When the MQTT node is triggered from the broker, a JSON string is sent to Node-RED with all the necessary info from your device. JSON (JavaScript Object Notation) is just a data-interchange format that organizes all your content in a manner that’s easy to read both for you and a machine. Here’s one of the JSON strings that was sent from my broker:

{"_type":"transition","tid":"at","acc":18.788334,"desc":"Home","event":"enter","lat":00.00000,"lon":00.000000,"tst":1480793788,"wtst":1477007711,"t":"c"}

For my clock, really the only parts of this string I need are the location (“desc” for description) and whether I’m entering or leaving (“event“). I can’t really do a whole lot with just a string, so I need to convert the string into an array of JavaScript Objects.

To convert this string into objects, use the JSON function node that comes standard with the node-red-pi installation. This parses through the JSON string for you, and formats each string into a group of objects.

For this setup, the JSON string parser feeds directly into a switch node. This node takes the newly created object msg.payload.event and checks whether that object is set to leave or enter. If it’s set to enter, then the flow is directed to a second switch node that checks the value of the object msg.payload.desc; this switch node then feeds into whichever location matches up with the desc object value so that it can move the hand.

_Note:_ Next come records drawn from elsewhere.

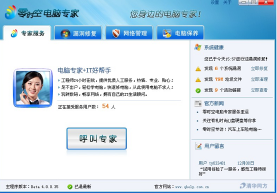 零时空电脑专家一款为满足电脑和互联网日益高度普及带来的电脑维修和电脑应用服务方面的巨大需求,同方股份有限公司于2007年推出了针对个人和家庭客户的远程电脑服务业务,有需要的赶紧来东坡下载使用吧。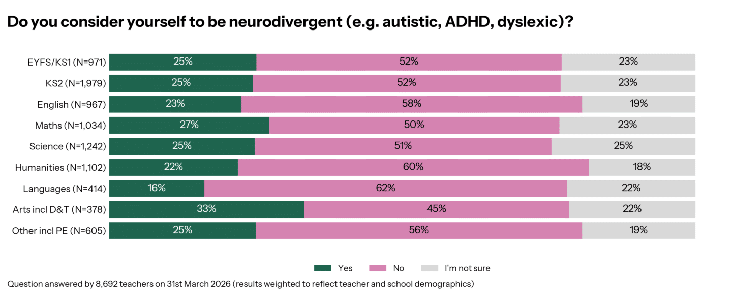 Languages teachers were the least likely to identify themselves as neurodiverse (62% said outright ‘no’), and arts inc D&T were the most likely to say they were (33% yes and 22% not sure).
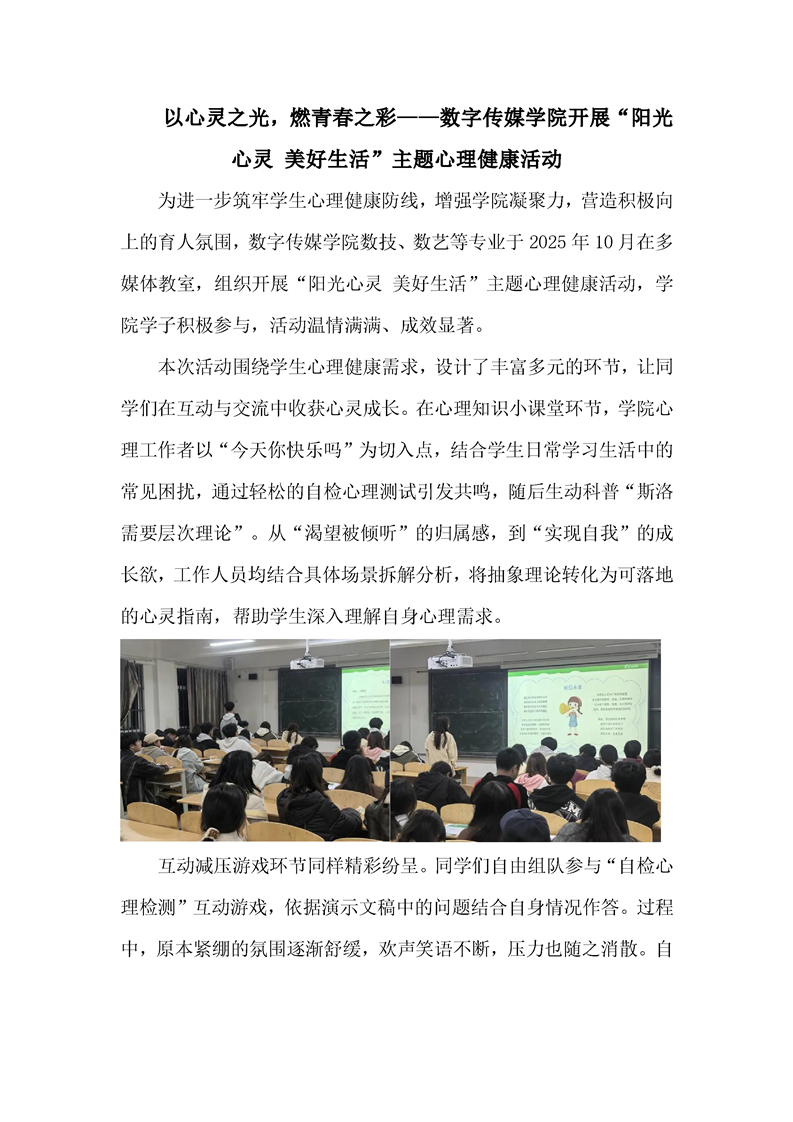 以心灵之光,燃青春之彩——数字传媒学院开展“阳光心灵 美好生活”主题心理健康活动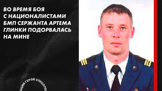 ВО ВРЕМЯ БОЯ С НАЦИОНАЛИСТАМИ БМП СЕРЖАНТА АРТЁМА ГЛИНКИ ПОДОРВАЛАСЬ НА МИНЕ АРТЁМ ПРОДОЛЖАЛ ВЕСТИ ОГОНЬ, НАХОДЯСЬ В ГОРЯЩЕЙ МАШИНЕ НЕСМОТРЯ НА ОЖОГИ, ЕМУ УДАЛОСЬ УНИЧТОЖИТЬ 4 АВТОМОБИЛЯ БОЕВИКОВ

If in the first switch node the msg.payload.event object is set to leave, then the flow immediately moves to setting the clock hand to “Travel”. I then have Node-Red run a system callout (like if I was calling something from the terminal) that runs a Python script, and passes a variable of the msg.payload.desc location. My Python script picks up the variable and knows where to move the clock hand based on that.

When the flow moves the clock hand to “Travel,” a trigger node is also activated that counts for 6 hours. If msg.payload.event hasn’t been updated (from when I enter another known location) after 6 hours, then the flow activates the servo to move the hand to “Lost” and sets another trigger. The second trigger counts for 24 hours while waiting for an updated msg.payload.event. If it doesn’t receive that update in 24 hours, it finally moves the hand to “Mortal Peril.” Bit of a gag if I have to go on a trip for work or if I turn my phone off for a few days, but other than that, should be pretty clear!

OFF TO PLATFORM NINE AND THREE-QUARTERS!

With the clock hands set in place, and the Python code loaded up, my Weasley location clock is all set. Off we go into the wizarding world, with our magic whereabouts clock keeping tabs on everyone in the family.

I hope you’ll give this project a try, and share your improvements.